We have already written about the “Nemala” project:
Israeli project “Nemala נְמָלָה”: Enthusiasts connect Ukrainian and Jewish literatures through translations, creating a cultural bridge between Israel and Ukraine.
Ukrainian literature in Hebrew: how the state program “Translate Ukraine” opens new horizons for cultural cooperation.
The book by Ukrainian writer Serhiy Zhadan “הפנימייה” (Internat) was published by the Israeli publishing house “פועלים” in Hebrew: an Israeli review of the Ukrainian novel.
Ukrainian classics in Hebrew: “Every city has its own character and rights” by Hryhorii Skovoroda has already been translated by the “Nemala נְמָלָה” project as part of the Translate Ukraine 2025 program.
On October 24, 2025, Persimmon Books Ltd announced that the book “Word, why are you not a solid steel” — the first volume of the anthology of Ukrainian poetry — was printed. This is not a separate novel or an experimental collection, but a systematic representation of the Ukrainian poetic tradition of the 18th–19th centuries for the Israeli reader — from the philosophical poetry of Hryhorii Skovoroda to the classics of Ivan Franko.
The anthology includes works by authors such as:
Hryhorii Skovoroda, Ivan Kotliarevsky, Petro Hulak-Artemovsky, Marta Pysarevska, Levko Borovykovsky, Viktor Zabila, Yevhen Hrebinka, Amvrosii Metlynsky, Taras Shevchenko, Mykhailo Petrenko, Oleksandra Psel, Oleksandr Korsun, Panteleimon Kulish, Leonid Hlibov, Anatolii Svidnytsky, Osyp-Yurii Fedkovych, Mykhailo Starytsky, Kateryna Sokolovska, Mariia Volvach, Borys Hrinchenko, Pavlo Hrabovsky, Lidiia Sokhachevska, Lesia Ukrainka, Nadiia Kibalchych, and Ivan Franko.

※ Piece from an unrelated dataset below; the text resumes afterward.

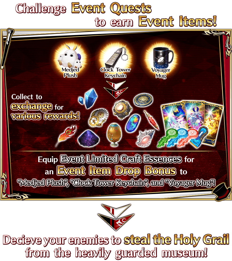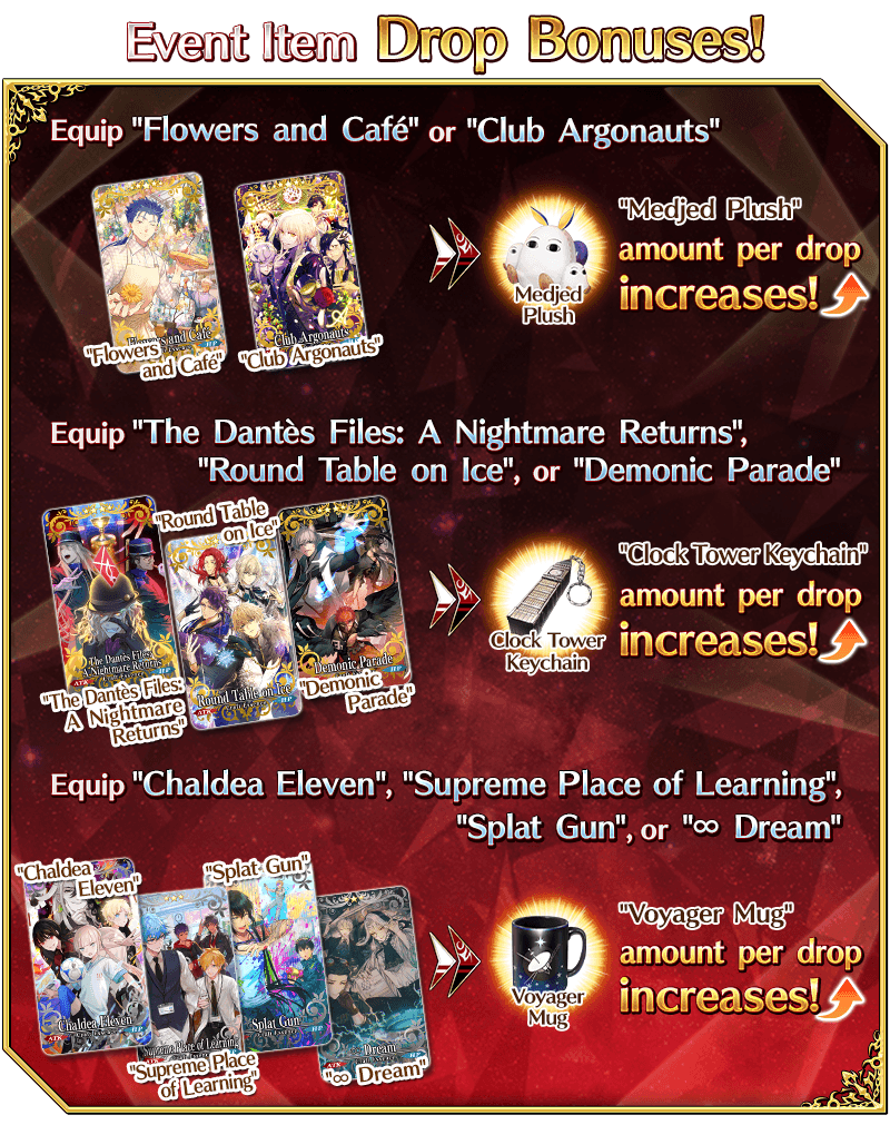 Equip Limited Time Craft Essences "★5 (SSR) Flowers and Café", "★5 (SSR) Club Argonauts", "★4 (SR) The Dantès Files: A Nightmare Returns", "★4 (SR) Round Table on Ice", "★4 (SR) Demonic Parade", "★3 (R) Chaldea Eleven", "★3 (R) Supreme Place of Learning", "★3 (R) Splat Gun" and "★3 (R) ∞ Dream", available in Saint Quartz Summon, to to receive a bonus to the amount per drop of event items "Medjed Plush", "Clock Tower Keychain" and "Voyager Mug".

The translation of the anthology into Hebrew was done by Anton Paperny. The book is released as a full-fledged publishing edition with an international ISBN and is aimed not only at private readers but also at libraries, educational, and cultural institutions in Israel.
It is reported that the book will be available for purchase from January 1, 2026. Pre-orders are already open — for this, the publisher offers to contact directly at info@persimmon-books.com.

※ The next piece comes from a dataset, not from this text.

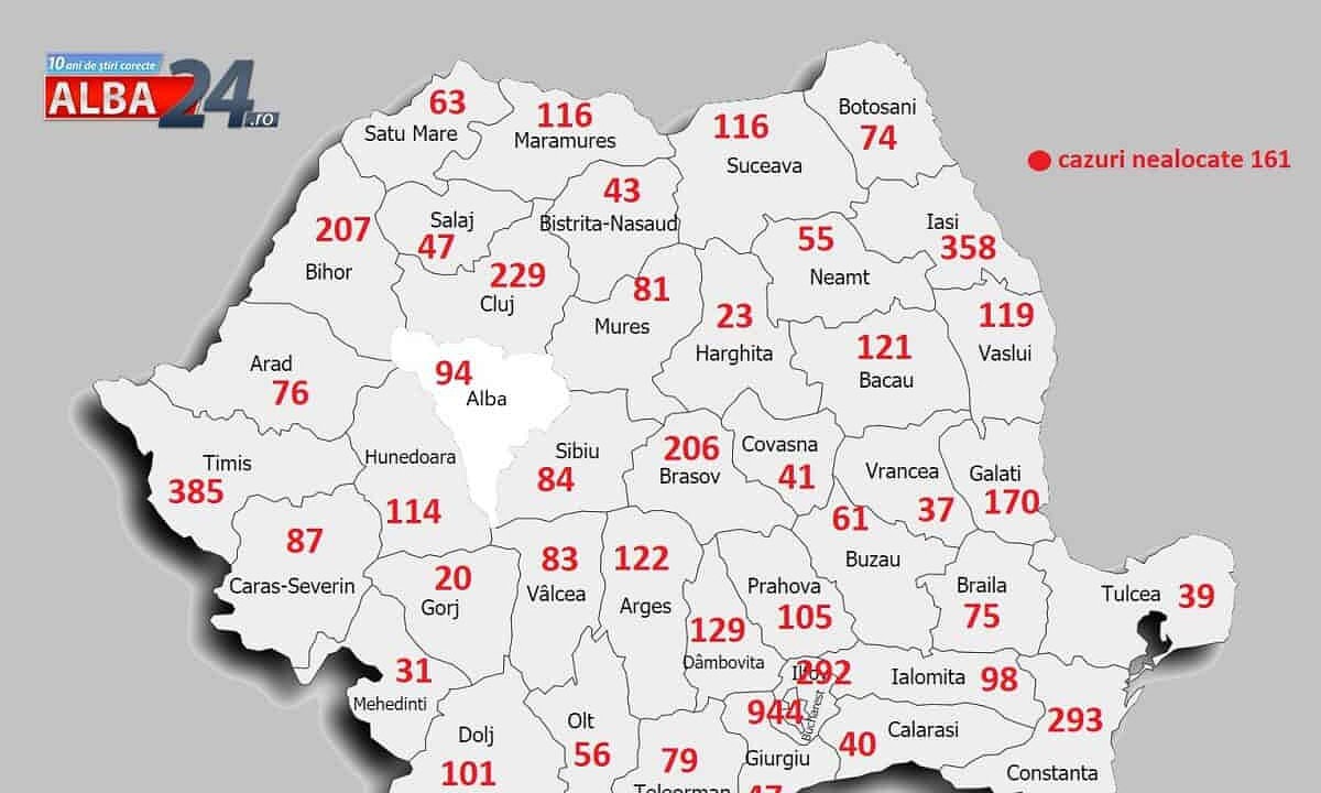 Alba – 12587 – 90 – 1,87 (94 cazuri noi, potrivit DSP Alba)

For Israel, where translations of Ukrainian literature into Hebrew remain rare, this project is of particular significance. It expands the understanding of Ukrainian culture beyond the news and historical context, introducing it into the realm of poetry, philosophy, and literary classics — it is in this form that NAnews — Israel News | Nikk.Agency seeks to capture it.

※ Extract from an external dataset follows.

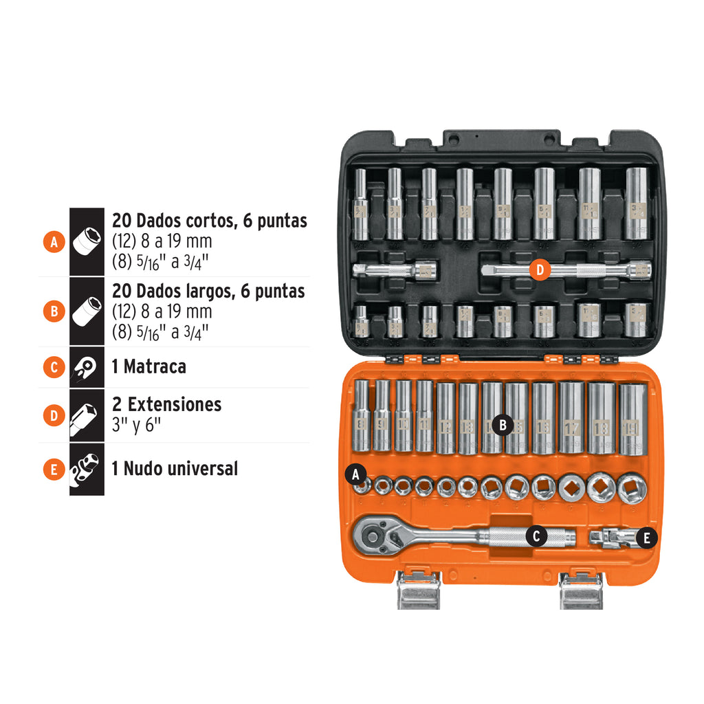 Dados en acero al cromo vanadioEstuche resistente de plástico inyectado que mantiene las piezas organizadasBroche metálico para mayor seguridadHerramienta marcada para fácil identificación

The Israeli book market is small and highly competitive, and decisions on translations are made cautiously. Therefore, even one supported project in Hebrew is an indicator that Ukrainian literature is perceived not as a local or temporary plot but as part of a broader cultural and historical dialogue.
In the context of close human, historical, and migratory ties between Ukraine and Israel, such translations play a special role — they work not only with the current agenda but also with a deeper cultural layer.
What Translate Ukraine 2025 ultimately provides
75 new translations in one year is not just statistics. These are new readers, new university courses, the participation of Ukrainian authors in international festivals, and the consolidation of Ukrainian literature in the book ecosystems of other countries.
And the fact that among these languages and countries in 2025 were Hebrew and Israel underscores the importance of cultural ties that are formed not by declarations but by real books and real readers — it is such processes that NAnews — Israel News | Nikk.Agency captures when it comes to the intersection of Ukrainian culture and the Israeli space.